The holding in Richard L. Barnes v. State of Indiana, No. 82S05-1007-CR-343, reaches a result no Indiana appeals court has come to in 37 years of examining this issue. But this outcome has been building for over a decade as caselaw has evolved.

The May 12 decision that divided the justices stems from a Vanderburgh Superior case where police responded to a potential domestic disturbance. It is part of a broader debate about the balance between police power and private individuals’ rights to defend themselves and be secure in their homes.

Up until now, Indiana caselaw has gradually fine-tuned that right to resist, but rulings have narrowed the scope to public places, situations where officers are legally entering a home, and whether a person’s resistance is determined “reasonable.” With the Barnes decision, the court completely abolished the common law right to resist law enforcement in any situation.

Two of the state’s justices said the broad holding goes too far and infringes on the Fourth Amendment. Members of the state’s legal community and the general public have raised similar concerns about the scope of this ruling and whether it was necessary.

“In my view it is breathtaking that the majority deems it appropriate or even necessary to erode this constitutional protection based on a rationale addressing much different policy considerations,” Justice Robert Rucker wrote in a dissent. “There is simply no reason to abrogate the common law right of a citizen to resist the unlawful police entry into his or her home.”

Police responded to a 911 call by Richard Barnes’ wife concerning domestic violence. Barnes was in the parking lot when officers arrived, but he went back into his apartment to retrieve more items because he was going to leave the apartment he shared with his wife. When police tried to enter, Barnes told them they couldn’t and blocked them. When an officer attempted to come inside, Barnes shoved him against the wall and a struggle ensued. Barnes was charged and convicted on misdemeanor charges of battery on a law enforcement officer, resisting law enforcement, and disorderly conduct. The verdict came following the trial court’s refusal to offer a jury instruction on the right of a citizen to reasonably resist unlawful entry into one’s home.

The Court of Appeals decided the case in April 2010, reversing all three convictions and remanding for a new trial on the resisting law enforcement and battery on an officer charges because of the jury instruction.

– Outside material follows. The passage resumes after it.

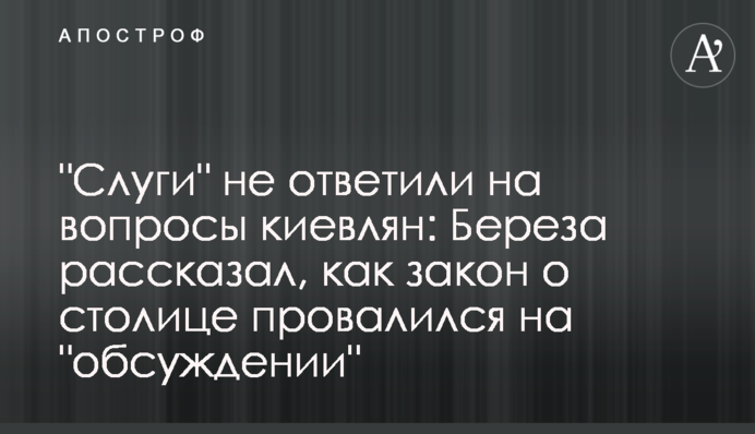 "Действо было устроено в Соломенской РГА, куда пришли народные депутаты от "Слуги народа" Роман Грищук и Виталий Безгин, а также неравнодушные киевляне. Результатом этого обсуждения стал полный провал законопроекта от "Слуг". Спикеры от провластной партии затруднились ответить на большинство вопросов, которые им задавали киевляне и каждый раз отвечали заученными шаблонами", - заявил Береза.

They determined a jury should determine what might be “reasonable” when considering that resistance, following precedent on the issue that’s been evolving since 1974.

Williams v. State in 1974 upheld the right to resist in public places but not with force such as gunfire.

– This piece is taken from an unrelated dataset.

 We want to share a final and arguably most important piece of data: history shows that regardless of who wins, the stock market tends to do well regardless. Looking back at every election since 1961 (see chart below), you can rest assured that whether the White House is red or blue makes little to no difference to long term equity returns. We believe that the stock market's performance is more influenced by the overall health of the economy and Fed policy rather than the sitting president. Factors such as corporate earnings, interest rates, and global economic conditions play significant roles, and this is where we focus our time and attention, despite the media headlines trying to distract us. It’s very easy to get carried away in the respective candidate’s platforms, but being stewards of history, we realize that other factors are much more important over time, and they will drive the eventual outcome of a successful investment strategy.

Fields v. State in 1978 said one can’t forcefully resist in public but limited the holding to that case and didn’t address police excessive force or unlawful arrest and entry.

Casselman v. State in 1985 recognized a trend in abolishing the common law right but upheld that right to reasonably resist unlawful entries into one’s home for civil arrests.

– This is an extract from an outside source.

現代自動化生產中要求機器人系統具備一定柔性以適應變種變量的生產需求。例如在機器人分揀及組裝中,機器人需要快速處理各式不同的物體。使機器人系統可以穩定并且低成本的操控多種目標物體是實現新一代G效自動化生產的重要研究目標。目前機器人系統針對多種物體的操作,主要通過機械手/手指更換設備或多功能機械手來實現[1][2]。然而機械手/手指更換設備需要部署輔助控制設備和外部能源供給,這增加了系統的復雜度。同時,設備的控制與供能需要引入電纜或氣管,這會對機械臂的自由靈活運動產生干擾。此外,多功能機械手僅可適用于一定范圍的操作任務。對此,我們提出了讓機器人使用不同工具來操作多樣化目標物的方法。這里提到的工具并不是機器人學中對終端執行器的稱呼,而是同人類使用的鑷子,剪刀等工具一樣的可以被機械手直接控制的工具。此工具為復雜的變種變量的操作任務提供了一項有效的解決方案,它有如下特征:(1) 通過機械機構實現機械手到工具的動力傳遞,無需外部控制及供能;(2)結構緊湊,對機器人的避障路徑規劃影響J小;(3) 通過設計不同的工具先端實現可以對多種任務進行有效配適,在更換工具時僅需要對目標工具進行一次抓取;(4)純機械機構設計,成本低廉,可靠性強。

Adkisson v. State in 2000 applied the Casselman ruling to criminal arrests.

S.E. v. State in February 2001 upheld the precedent.

Alspach v. State in September 2001 followed past precedent in upholding a common law right to reasonably resist law enforcement in one’s home but determined that exigent circumstances must come into play in determining the entry’s legality.

Robinson v. State in 2004 upheld the right to reasonably resist but held that doesn’t include battery on an officer. The court left it up to a jury to determine the line between reasonable resistance or battery on an officer conducting lawful official duty.

The justices heard arguments at Valparaiso University School of Law in November to decide if they’d take the case, and Justice Frank Sullivan said the court was in a difficult position.

“You’ve asked us to take this case, and so if we take it on the limited terms in which you’ve argued it, and we ratify a proposition that’s been enunciated by the Court of Appeals that we’ve never ratified before … you put us in a position of making a declaration on this policy we’ve never made before.”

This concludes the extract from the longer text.